Thursday, October 27, 2011

Sir Julian Sorell Huxley (1887 – 1975)

Born June 22, 1887, he is British biologist, philosopher, educator, author and scientific administrator who contributed much to the beneficial use science in society. He is greatly influenced the modern development of embryology, systematic and studies of behavior and evolution. He was knighted in 1958.

The grandson of the famous biologist T.H Huxley (1825 – 95), and his brother of the writer Aldous Huxley, Julian Huxley studied at Eton and Balliol College, Oxford, receiving his zoology degree in 1909.

He spent some time studying marine sponges at the Naples Zoological Station. This led to his first book, The Individual in the Animal Kingdom in 1912.

He returned to Oxford in 1910 as a zoology lecturer. Two years later he moved to the Rice Institute, Houston, Texas, as a research associate to establish the biology department. As the first head of the Department of Biology, he planned its laboratories and curriculum and chose its early, distinguished faculty.

In 1916 he returned home serving in the British Army Intelligence Crops until the end of World War I.

After the war he was made a fellow of New College, Oxford during which time he organized the University expedition to Spitsbergen (1921).

Huxley was appointed professor of zoology at King’s College, London, in 1925 but resigned two years later to allow more time to research. His notable studies of the differential growth of different body parts.

By the time of the publication of Problems of Relative Growth in 1932, Huxley had become widely known as a talented popularizer of biology.

Huxley served (1935 – 42), as secretary of the Zoological Society of London and instigated an ambitious program rebuilding, unfortunately he never realized because of the war.
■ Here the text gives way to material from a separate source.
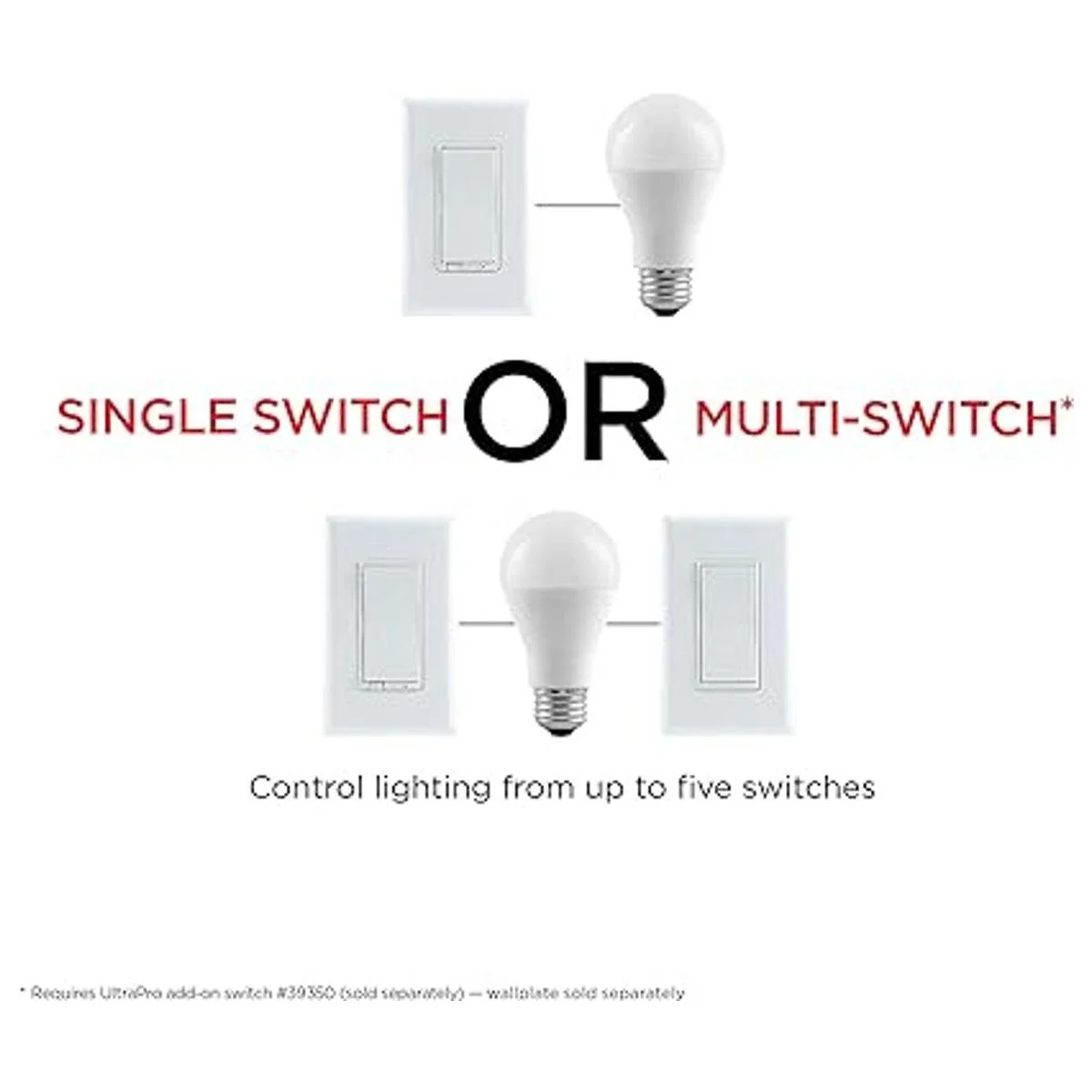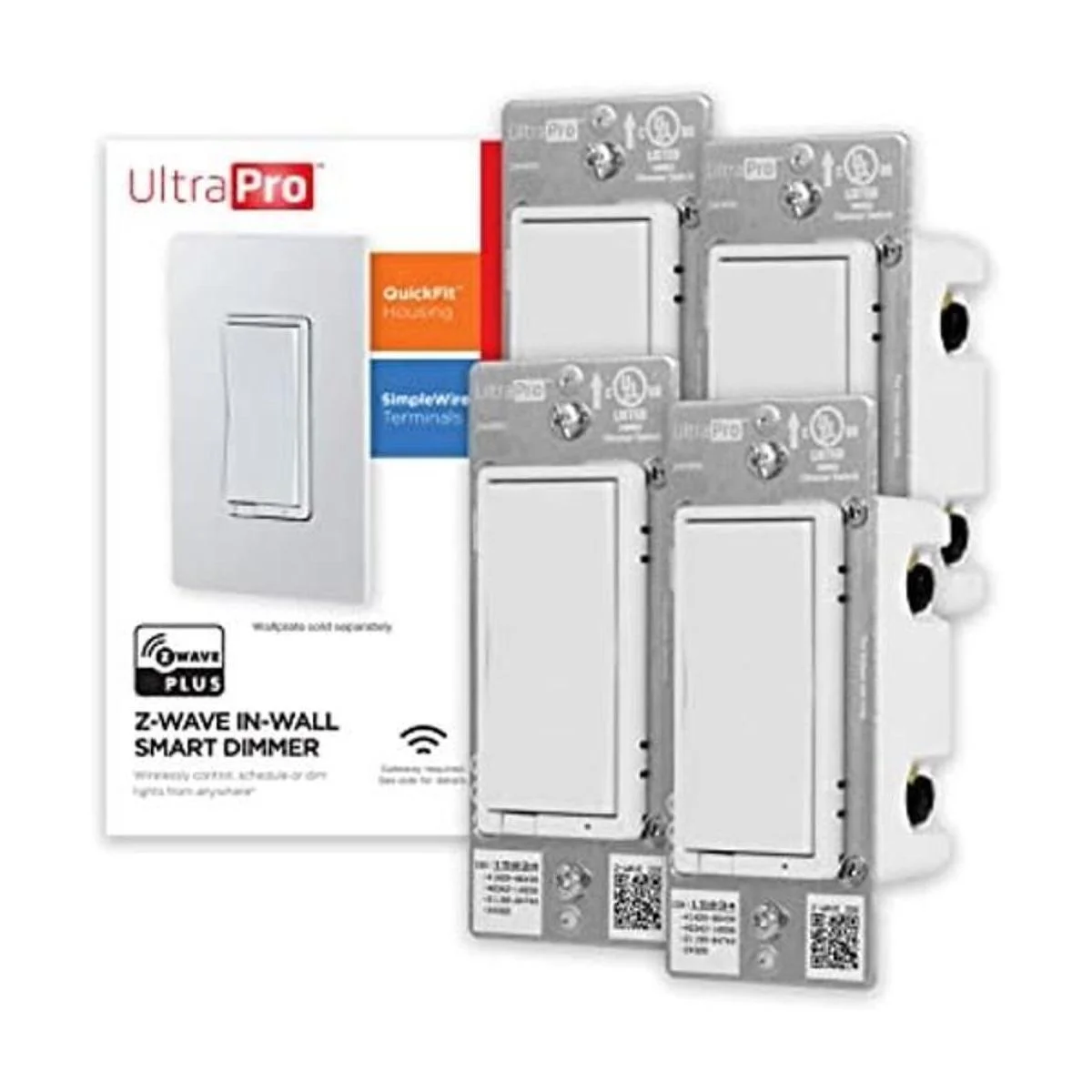 UltraPro ZWave Regulador de luz basculante inteligente con QuickFit y SimpleWire, listo para 3 vías, funciona con Alexa, Google Assistant, ZWave Hub Requerido, repetidorextensor de rango, paleta blanca solamente, paquete de 4, 54898

He was elected a fellow of the Royal Society in 1938. He became widely known through his appearances on the BBC program Brains Trust.

He is perhaps best known among biologists for coining the term ‘evolutionary synthesis’ to refer to the unification of taxonomy, genetics, and Darwinian theory in the 1940s. He helped establish the modern synthetic theory of evolution by natural selection.

He was the first director general of the United Nations Educational, Scientific and Cultural Organization (UNESCO) in 1946-1948, during which time he traveled widely and identified the growing problem population expansion and environmental destruction.

He collaborated with science fiction writer H. G Wells to write The Science of Life, one of the first biology books for a popular audience.

No stranger to controversy, Huxley supported the contentious view that the human race could benefit from planned parenthood using artificial insemination by donors of ‘superior characteristics’. He died February 14, 1975.